Unfinished Tales - J. R. R. Tolkien [243]
These discussions of olos, olor are clearly to be connected with the passage in the Valaquenta (The Silmarillion pp. 30 – 1) where it is said that
Olórin dwelt in Lórien in Valinor, and that though he loved the Elves, he walked among them unseen, or in form as one of them, and they did not know whence came the fair visions or the promptings of wisdom that he put into their hearts.
In an earlier version of this passage it is said that Olórin was ‘counsellor of Irmo’, and that in the hearts of those who hearkened to him awoke thoughts ‘of fair things that had not yet been but might yet be made for the enrichment of Arda’.

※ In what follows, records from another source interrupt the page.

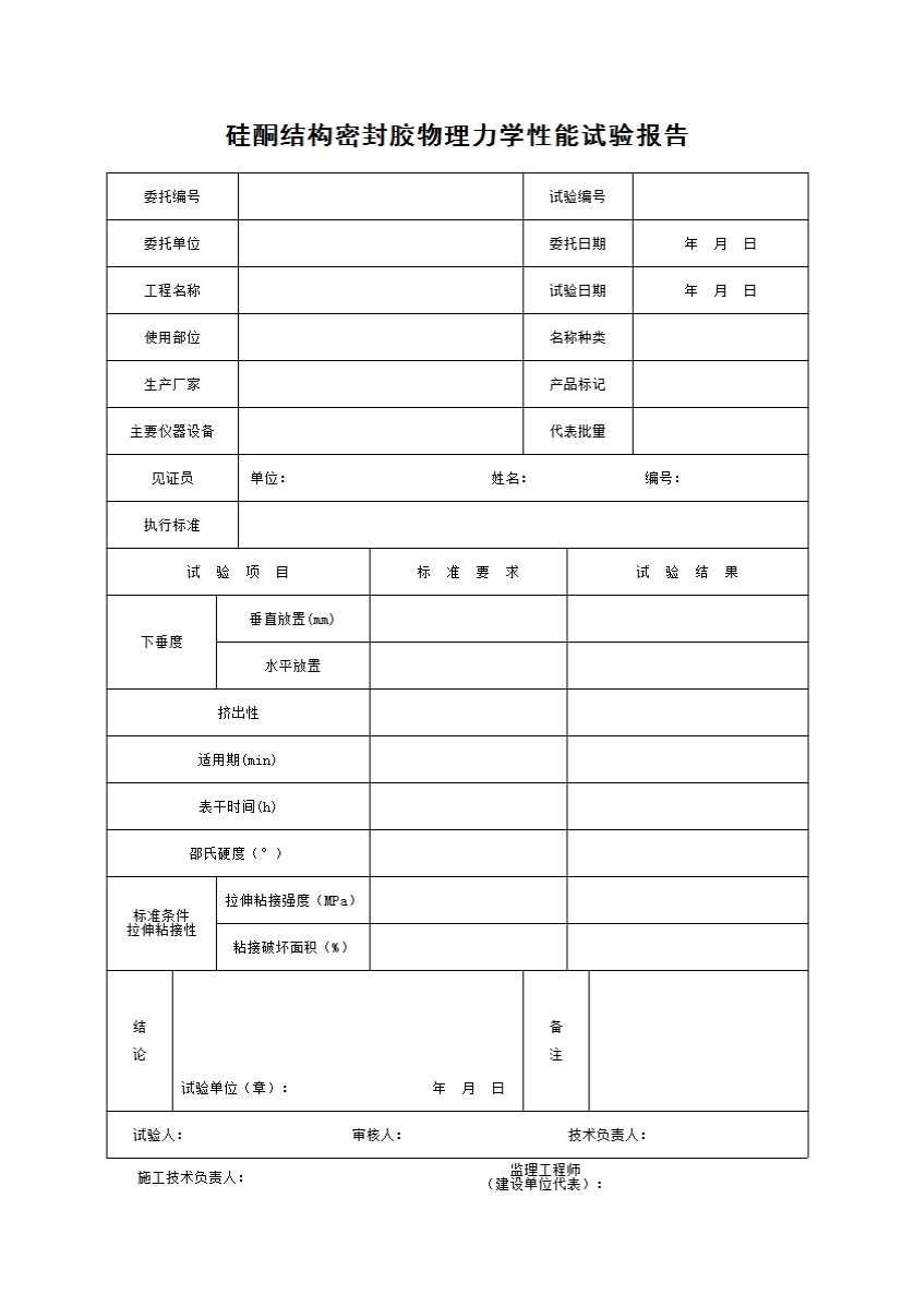 表格名称:硅酮结构密封胶物理力学性能试验报告
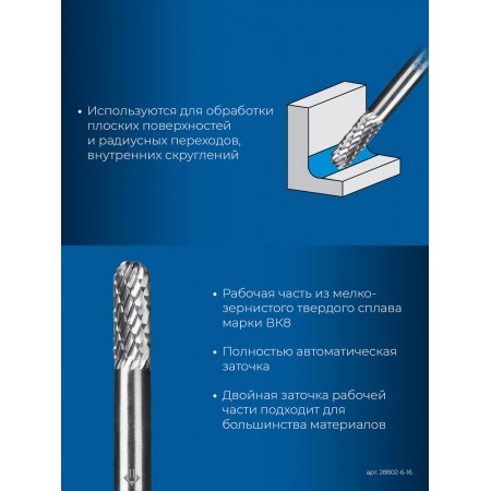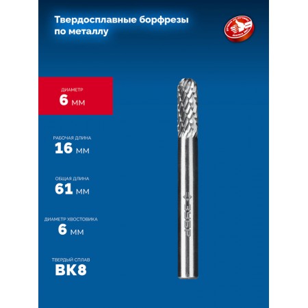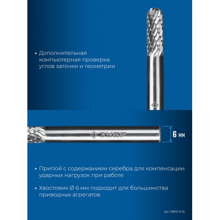 Борфреза твердосплавная 6?16 мм тип C цилиндр со сферическим концом хв-к 6 мм Профессионал ЗУБР 28802-6-16
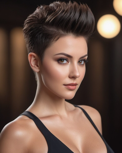 This elegant pompadour pixie is a sophisticated and stylish hairstyle that perfectly balances volume and sleekness.
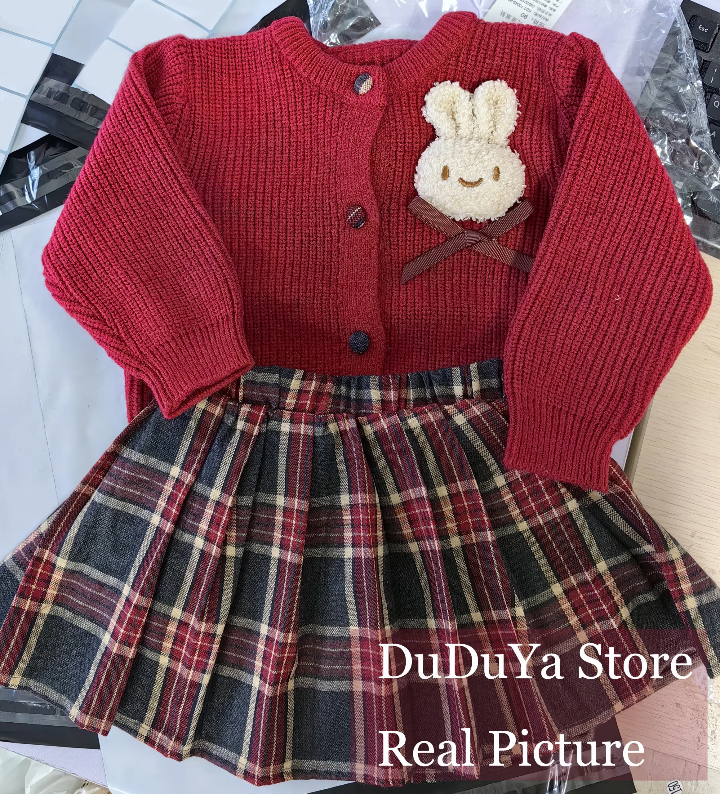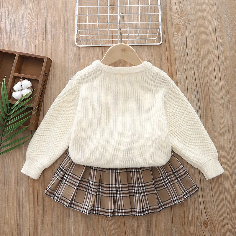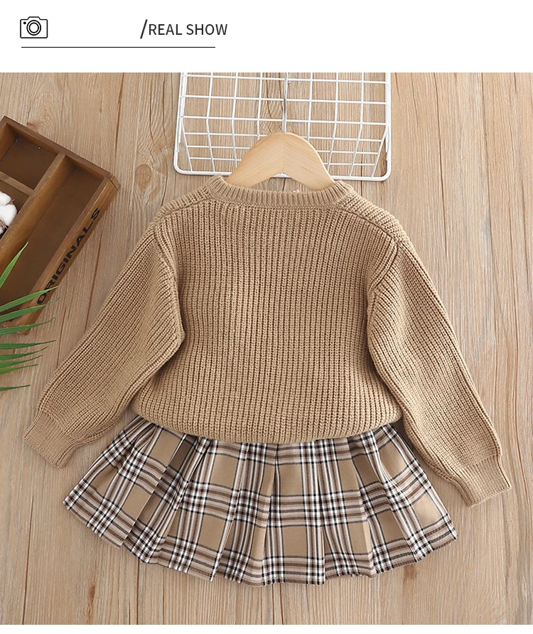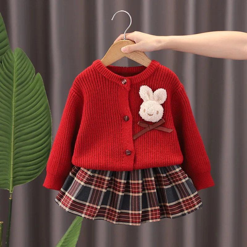 Autunno maglione kaki + gonna 2 pezzi Abbigliamento per bambini Set superiore e inferiore1-6Y Principessa Festa di Natale Set rosso Capispalla carino Ragazza per bambini
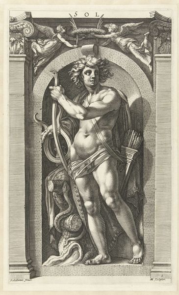 Marcantonio Raimondi made this print of the Apollo Belvedere, sometime before 1534, using a metal plate and a painstaking process of engraving. Look closely and you’ll see it’s made of thousands of tiny etched lines. Raimondi used a tool called a burin to cut these lines into the metal, creating an image that could be reproduced many times over. The incised plate was then inked and pressed onto paper, transferring the image. Engraving was a skilled craft, requiring precision and control. Unlike a drawing or painting, the engraver couldn’t easily erase or rework mistakes. Each line had to be carefully planned and executed. Note how the density and direction of the lines create shading and volume, giving the figure a sculptural presence. The print's stark black and white contrast focuses our attention on the technical skill of the artist, whose labor made the original sculpture accessible to a wider audience. This challenges the traditional hierarchy of artistic mediums, by elevating printmaking from a mere reproductive technique to a highly skilled art form.
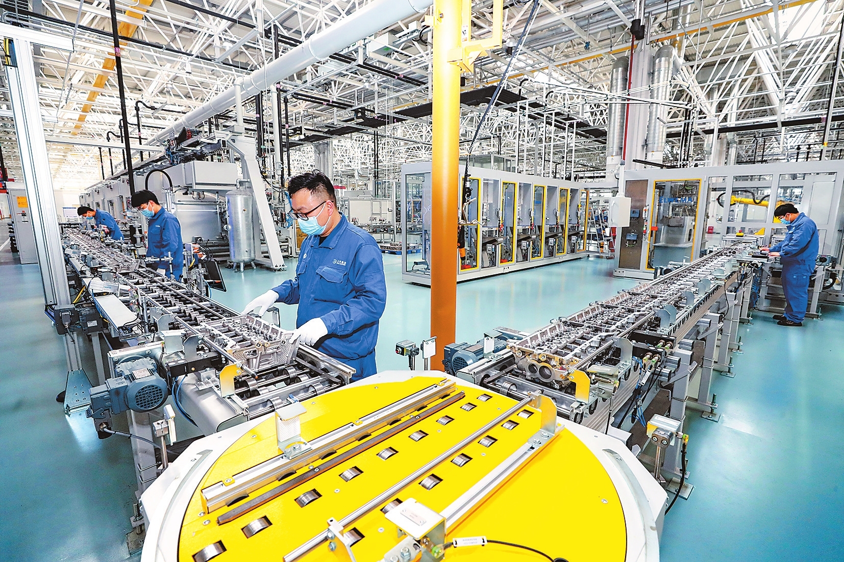 4月6日,上汽集团郑州发动机分公司发动机自动化生产线上,工人在检查产品质量。当日,上汽集团郑州发动机分公司一期30万台项目在郑州经开区正式投产。本报记者聂冬晗 摄
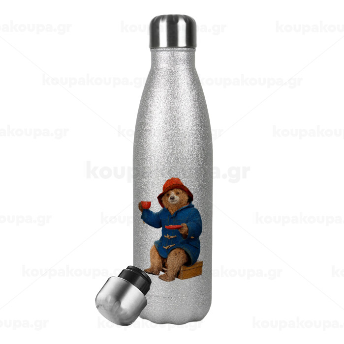 Αρκουδάκι Πάντινγκτον, Μεταλλικό παγούρι θερμός Glitter Aσημένιο (Stainless steel), διπλού τοιχώματος, 500ml
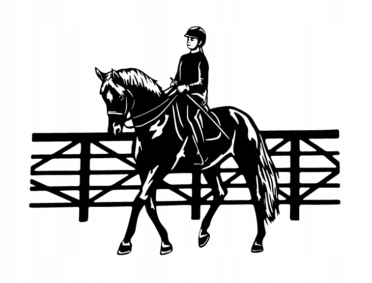 W tle znajduje się ogrodzenie, co wskazuje, że akcja rozgrywa się na wybiegu lub w zagrodzie przeznaczonej do jazdy konnej. Prosta, kontrastowa forma obrazu podkreśla dynamikę ruchu konia, a jednocześnie zachowuje dekoracyjny charakter całości.

There is a long note to elucidate the passage in The Two Towers IV 5 where Faramir at Henneth Annûn told that Gandalf had said:
Many are my names in many countries. Mithrandir among the Elves, Tharkûn to the Dwarves; Olórin I was in my youth in the West that is forgotten, 9 in the South Incánus, in the North Gandalf; to the East I go not.
This note dates from before the publication of the second edition of The Lord of the Rings in 1966, and reads as follows:
The date of Gandalf’s arrival is uncertain. He came from beyond the Sea, apparently at about the same time as the first signs were noted of the re-arising of ‘the Shadow’: the reappearance and spread of evil things. But he is seldom mentioned in any annals or records during the second millennium of the Third Age. Probably he wandered long (in various guises), engaged not in deeds and events but in exploring the hearts of Elves and Men who had been and might still be expected to be opposed to Sauron. His own statement (or a version of it, and in any case not fully understood) is preserved that his name in youth was Olórin in the West, but he was called Mithrandir by the Elves (Grey Wanderer), Tharkûn by the Dwarves (said to mean ‘Staff-man’), Incánus in the South, and Gandalf in the North, but ‘to the East I go not’.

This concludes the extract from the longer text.